There are a number of moments throughout The Old Guard where the pair embrace camp and trod into genuinely amusing and/or fun territory outside of the action. A mid-film defense by Kenzari about his feelings for his long-term lover after a pharma goon derogatorily refers to Marinelli as his “boyfriend” is a stirring embrace of the rhetorical “extra” that genuinely made me smile, and I only wished the film would have felt free enough to go there more often. The action sequences are, for the most part, entertaining, clearly-filmed, and well-choreographed. Occasionally, Prince-Bythewood, a fantastic director who helmed films like Beyond the Lights and Love & Basketball, uses the characters’ Wolverine-like healing factor to decent ends: a fight ends with bones snapped and guts exposed, or, in order to protect a defenseless person, the immortals suck up bullets like sponges while continuing the fight — but it really feels like a dry run for an inevitable sequel that will scale up the action exponentially, much in the same way that it did in the John Wick films.
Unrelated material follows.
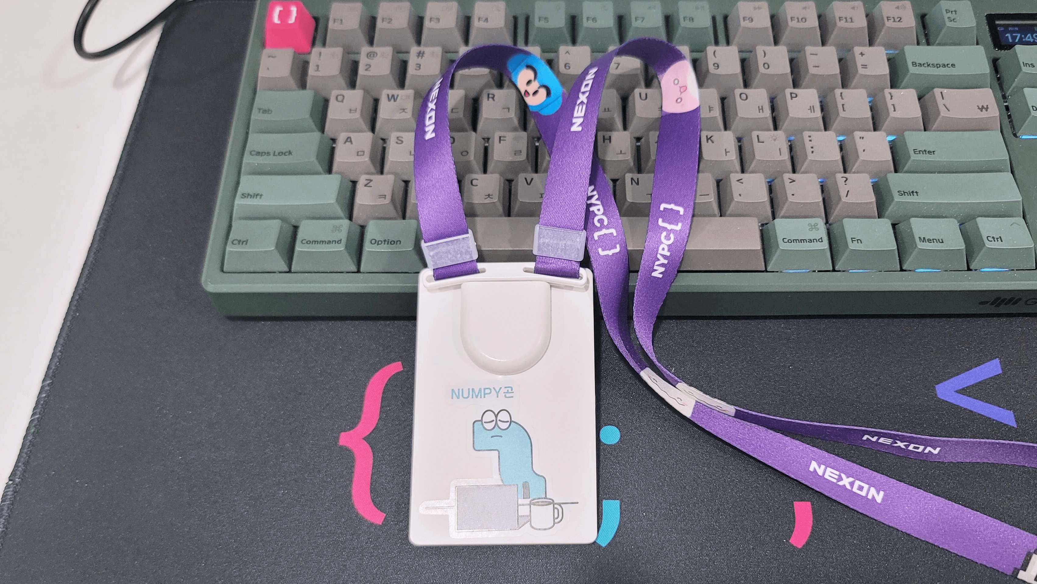 하지만 꼭 노트북에만 붙여야 된다는 법은 없기 마련입니다. 저는 사원증 뒷면에다 붙여버렸습니다. 업무상 numpy를 쓰지는 않지만, 이걸 본 동료가 피곤해 보이는 저를 보면 커피를 사줄지도요…

That franchise, I feel, is the optimum point of comparison for The Old Guard, though doesn’t have the chance of equalling the impossible thrills or beautiful and relatable simplicity of those films, which are, consequently, the reasons for its massive success and subsequent endearment by most action fans. That’s a lofty barrier for any nascent franchise to clear, but it is, perhaps, the best example for its success, no matter how much Prince-Blythewood, Rucka, and, chiefly, Netflix, want this to be the MCU. An ending stinger suggests this, and the streamer has often made big bets on their films becoming franchises without really having the desire to follow through with it after they debut — one need only look at how long it has taken a sequel to Bright to even get somewhere close to production, despite the services’ boasts of its extraordinary success from its own internal metrics (remember how long it took them to greenlight a second season of Stranger Things?).
Perhaps The Old Guard will be the film that truly breaks that trend, as it’s critically beloved in a way that few big-budget films on the platform are and, crucially, it’s alone in the blockbuster landscape for, at the very least, another month. But one has to wonder if it’s benefitting from that lack of competition, and if, in a more crowded marketplace, it might have been forgotten otherwise.